Following US President Donald Trump's address on Afghanistan policy in August, US Defense Secretary Jim Mattis said in a Senate Armed Service Committee hearing that the US is willing to work with Pakistan 'one more time' in Afghanistan. In another hearing, General Joseph Dunford, Chairman of the Joint Chiefs of Staff, alleged that Pakistan's Inter-Services Intelligence (ISI) maintains links with terrorist groups.
For Pakistan, neither calls for 'one last chance' nor allegations of ISI links with terrorist groups are anything new. As such, the same old US policy repackaged by a new administration is likely to get the same old response from Pakistan.
For US policymakers to get results with Pakistan, they must realise two things:
- To fix Pakistan, the US must fix its approach to dealing with Pakistan, especially in terms of engaging the security establishment.
- US threats are not seen as credible and are unlikely to work, given the safeguards Pakistan has against extreme measures from the US.
Pakistan is likely to call the US bluff on its recent threats. From extensive interviews with the members of the security establishment in Pakistan, there are clear indicators that mounting US pressure is seen not as threat to isolate Pakistan, but an attempt to isolate the Pakistan Army in particular and upset the civil-military divide by characterising ISI as a rogue agency. The sense in the Pakistan Army and the ISI is that the US is playing up the civil-military divide in Pakistan to align Pakistan's national security policy with its own. This 'divide and conquer' approach has motivated Pakistan's security establishment to aggressively thwart any US attempts (especially via the civilian government) to change Pakistan's position on the Afghan Taliban and the Haqqani Network.
If the US is looking for security cooperation with Pakistan, it cannot extend an olive branch with one hand while holding a whip in the other. The US needs to find a way to restore trust and working relations with a security establishment that mistrusts not just US adventurism in the region and its negative role in Pakistan's domestic affairs, but also (and perhaps more so) the US approach to solving the Afghanistan issue.
Pakistan's security establishment continues to believe (rightly so, in some ways) that it is squashed between two enemy states in Afghanistan and India. Pakistan wants a peaceful solution in Afghanistan, but not one that compromises its national interest and sovereignty. This is a concern that US policymakers understand on the surface but do very little to resolve on the ground.

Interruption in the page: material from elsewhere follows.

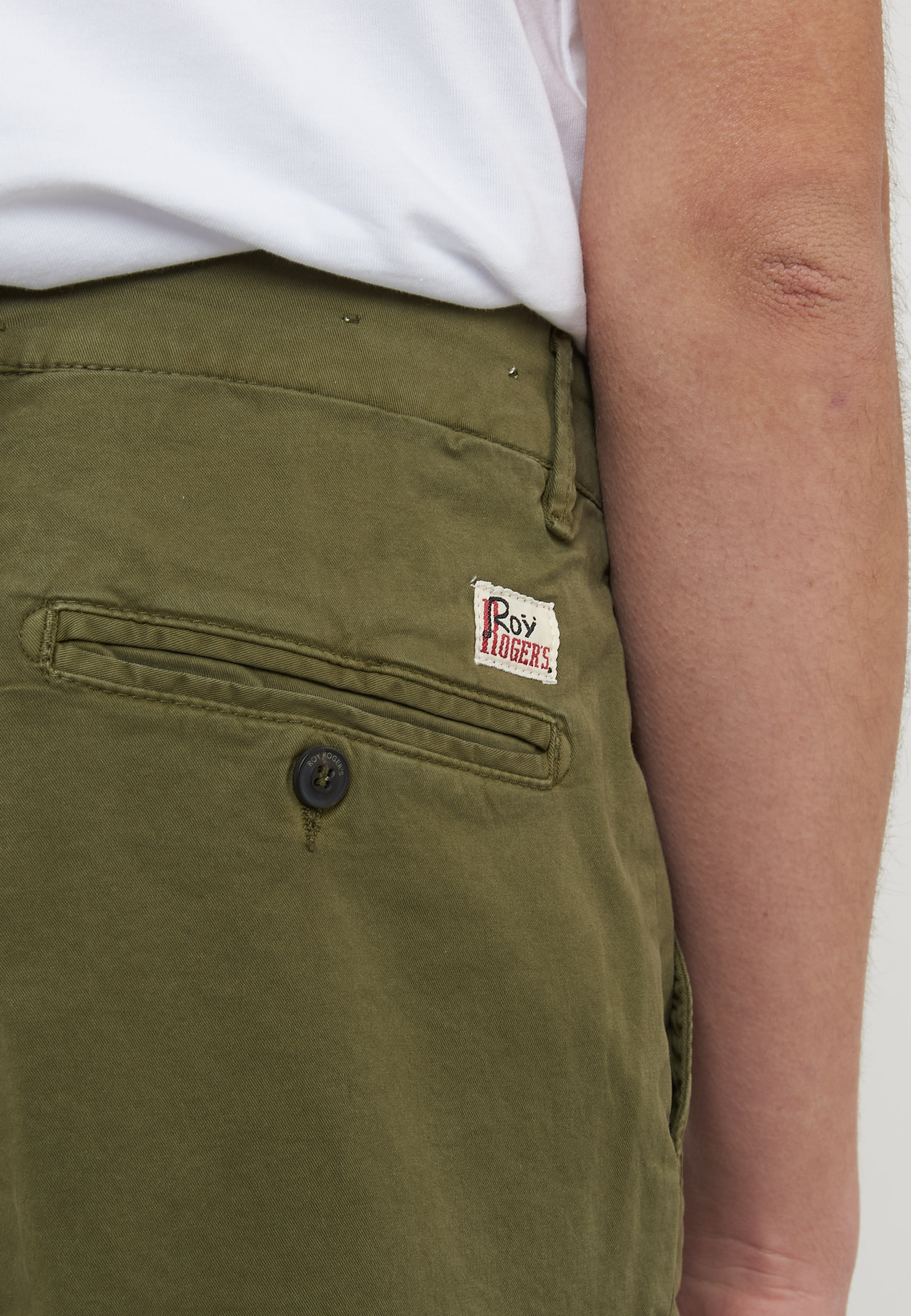 Due tasche all'americana sul fronte e due tasche a filetto sul retro con bottone logato.

Over at least the past decade, Pakistan has become inured to US threats, and has established measures to ensure that the cost of translating those threats into action have increased substantially. With Trump's low global standing and US inability to intimidate North Korea, Pakistan's interest in backing off from its long-held position on Afghanistan is limited. Over the years, Pakistan has created its own safeguards, such as through accelerating the development of its nuclear and missile technology systems. The Pakistani security establishment believes that if it were not for nuclear weapons, Pakistan would have suffered the same fate as Iraq.
Nuclear weapons are not the only safeguard. Through the China-Pakistan Economic Corridor (CPEC), a $46 billion infrastructure project with China, Pakistan has bolstered its security by allowing China to take major stakes in Pakistan. The US-Pakistan issue now is more of a US-Pakistan-China issue, providing Pakistan with another layer of protection.
After billions of dollars of US aid, anti-American sentiment in Pakistan is still abundant. Some of this ill will is America's own doing, but some is also orchestrated by the deep state. There are over 100 million Pakistanis under the age of 25, who often hold very negative opinions about US policies in Pakistan and the Islamic world at large. US attempts to pursue any particularly extreme measures against Pakistan would be a potential time bomb that could have catastrophic results in terms of growth in terrorism and instability in the region.
And then there are the Ground Lines of Communication (GLOCs) that go through Pakistan to provide supply to US troops in Afghanistan. In 2011, Pakistan briefly shut down the GLOCs after the Salala attack and the refusal of the US to apologise for killing Pakistani troops. With the US highly dependent on these GLOCs, Pakistan has some leverage to defy the US.
In a 16 year-long war, the US has gone through several rounds of 'last chances' with Pakistan, facing similar results each time. The problem is that in Afghanistan, the US is looking for a military solution to a problem that is essentially political in nature. With Pakistan, US policymakers expect to coerce a country to give up its long-held national interest for that of the US short-term interests, without any guarantees or assurances. Pakistan has a direct interest to work with the US to resolve the crisis in Afghanistan – but for that to happen the US has to first develop trust and credibility that it wants a long-term solution that works for everyone, not just for the US.
A good way for President Trump to start would be by not threatening its long-standing ally and frontline state in the war on terror, and end the Obama era strategy of 'fixing' the civil-military divide in Pakistan from the inside, in the hope that it serves US strategic interests.